Well, Matt, that depends. On a chair like your Philly QA, it could take a while.
My procedure is to mark the tenons, then cut the splat to length, cut its tenons. With splat in place, lay a straightedge across the top tenon shoulder, and confirm the location of the tenon shoulders on the rear legs (stiles). Then cut those tenons, and then the fun begins.
Getting a decent fit at the shoulder/crest rail interface can be time consuming. I have spent a half hour or more, paring and twiddling to get a tight joint all round both legs, that the splat still fills in-between.
It is a simpler process on chairs like the ones I posted. Those stiles lean back and are straight, not curved. Plus the crest rail is not as dainty and stands a little rougher treatment, being knocked on and off in fitting.
Ray
Matt,
Attached is a crest of a chair I built, similar to yours.
Ray
pretty cool stuff. Thanks for posting.

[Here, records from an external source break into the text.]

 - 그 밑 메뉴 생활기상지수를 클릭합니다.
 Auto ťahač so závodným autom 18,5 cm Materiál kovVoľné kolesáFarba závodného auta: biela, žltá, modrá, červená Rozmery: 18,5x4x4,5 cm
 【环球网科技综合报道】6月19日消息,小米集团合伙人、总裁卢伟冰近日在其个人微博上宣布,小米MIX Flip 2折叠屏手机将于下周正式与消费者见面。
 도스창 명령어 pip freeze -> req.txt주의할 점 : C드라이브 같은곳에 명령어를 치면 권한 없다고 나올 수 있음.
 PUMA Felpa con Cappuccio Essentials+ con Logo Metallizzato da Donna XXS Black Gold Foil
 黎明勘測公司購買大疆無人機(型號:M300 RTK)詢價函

I feel like I'm cutting a 50 minute dovetail when I'm doing that stuff.
Gene Landon (who made the cahirs for the FWW article That I believe Matt is building the chairs from) taught me a trick for making the angled tennons.

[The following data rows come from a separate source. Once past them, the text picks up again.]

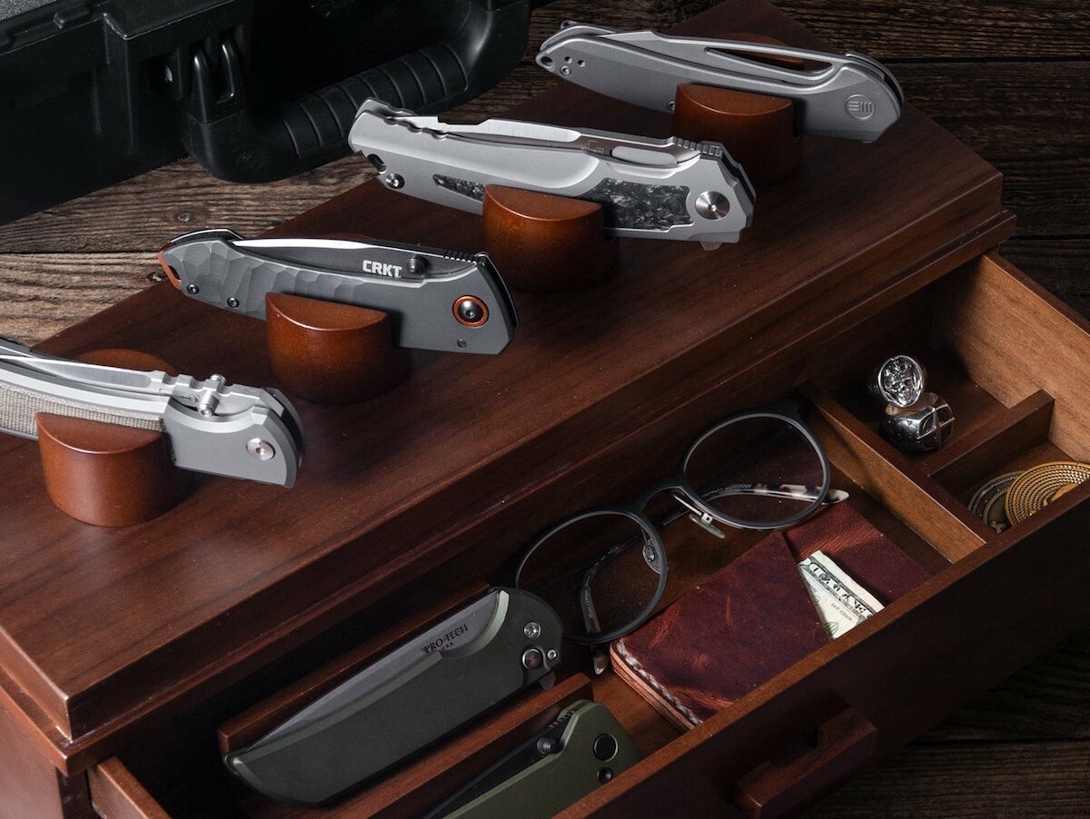 Display up to 6 knives on your desk or at home with the Holme & Hadfield Knife Deck. This organizer includes a shelf and a spacious drawer, so you can rotate your favorite knives and store larger ones out of the way. In fact, the drawer includes separate compartments to store additional accessories such as coins, rings, and knife tools. Simply add your knives to the secure holders, and store your collection with pride. Best of all, there’s no unnecessary locking system. All the while, thanks to the transparent casing, you can see your knives while keeping them out of the way. Finally, the Holme & Hadfield Knife Deck—which is available in black and walnut—holds knives with a 1-inch width and 5.5-inch length, making it highly versatile.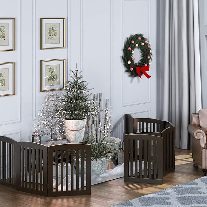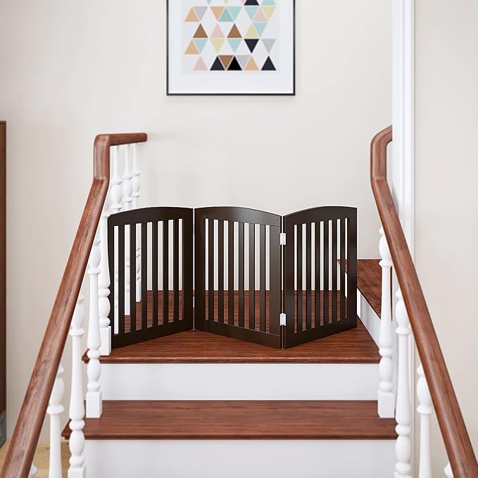 PAWLAND Wooden Freestanding Foldable Pet Gate for Dogs, 24 inch 3 Panels Step Over Fence, Dog Gate for The House, Doorway, Stairs, Extra Wide (Espresso, 24" Height-3 Panels)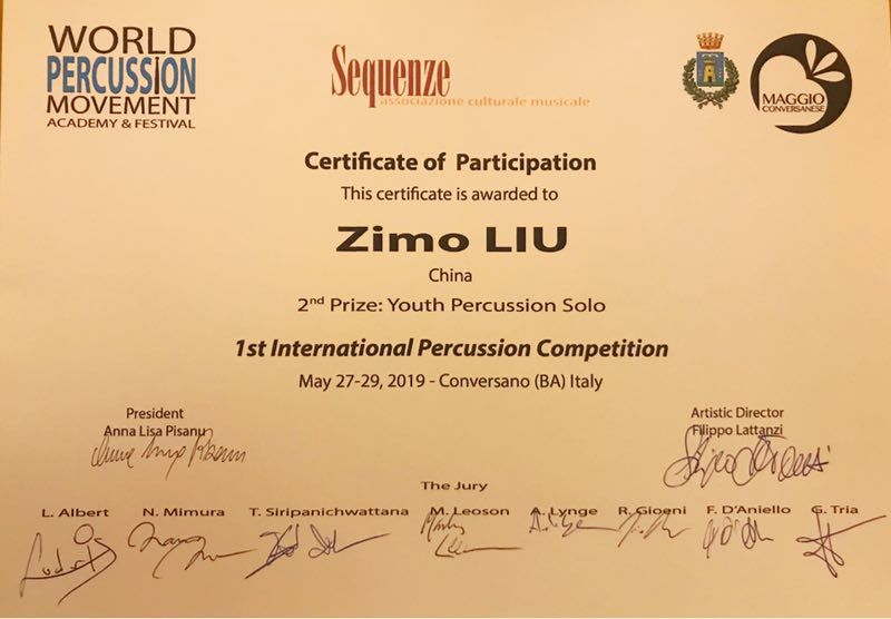 2019年5月29日,在意大利巴里的孔维尔萨诺举办的首届WPM(World percussion Movement Academy & festival)国际打击乐大赛中,KY开元集团官网附中初二年级张柏杨同学和初三年级刘子墨同学分别摘得青年组第一名和青年组第二名的奖项。

Make the front tennons first.
mark the angle of the back leg on the chair side
plane the side down to the same angle
now you have a flat face that matches your chair leg and it's quite easy to make the tennon.
Gene said he has seen lots of evidence that this was the technique originally used to make the chairs
Here's what I was going to do. I have no training what so ever. These are the 2nd chairs that I've made and the others were significantly different. I believe that this way should be pretty simple, however. (Take note that the stiles will be at 90 degrees to the floor at the point they intersect with the rails and the rails come off the stiles at 90 degrees so the tenons are only angled in one direction.)
1. Assemble the back legs with crest rail and keystone.
2. Take the angle of the joint between the keystone and leg.
3. Transfer.
4. cut.
5. Shape.
I see no issue with this. Maybe I'm missing something.
Edited 1/10/2008 1:57 pm ET by MattInPA
looks like your post is not one of the 'substantive' posts, better luck next time.
You didn't like the third post in the thread?
Thanks for the good info Ray. It could be a trick of photgraphy. Ive found a few articles by Mack Headley making a Philadelphia style chair, and they help. Chuck
You're welcome Chuck. Good luck with your chair project.
Ray
There's an article by Garrett Hack in FWW #166 that shows a simple side chair that uses the "rotate the back legs" feature. Here's the link to a PDF of the article:
http://www.taunton.com/finewoodworking/FWNPDF/011166080.pdf
(I've never been able to figure out which content is free and which requires an online subscription, so apologies in advance if you can't open the file.)
Rotating the legs (by 4° in Hack's case) has two effects: It makes it easier to splay the top of the back of the chair (you only have to work in one plane, not two), and it gives the two rear legs a bit wider footprint, which improves stability when the sitter leans the chair back.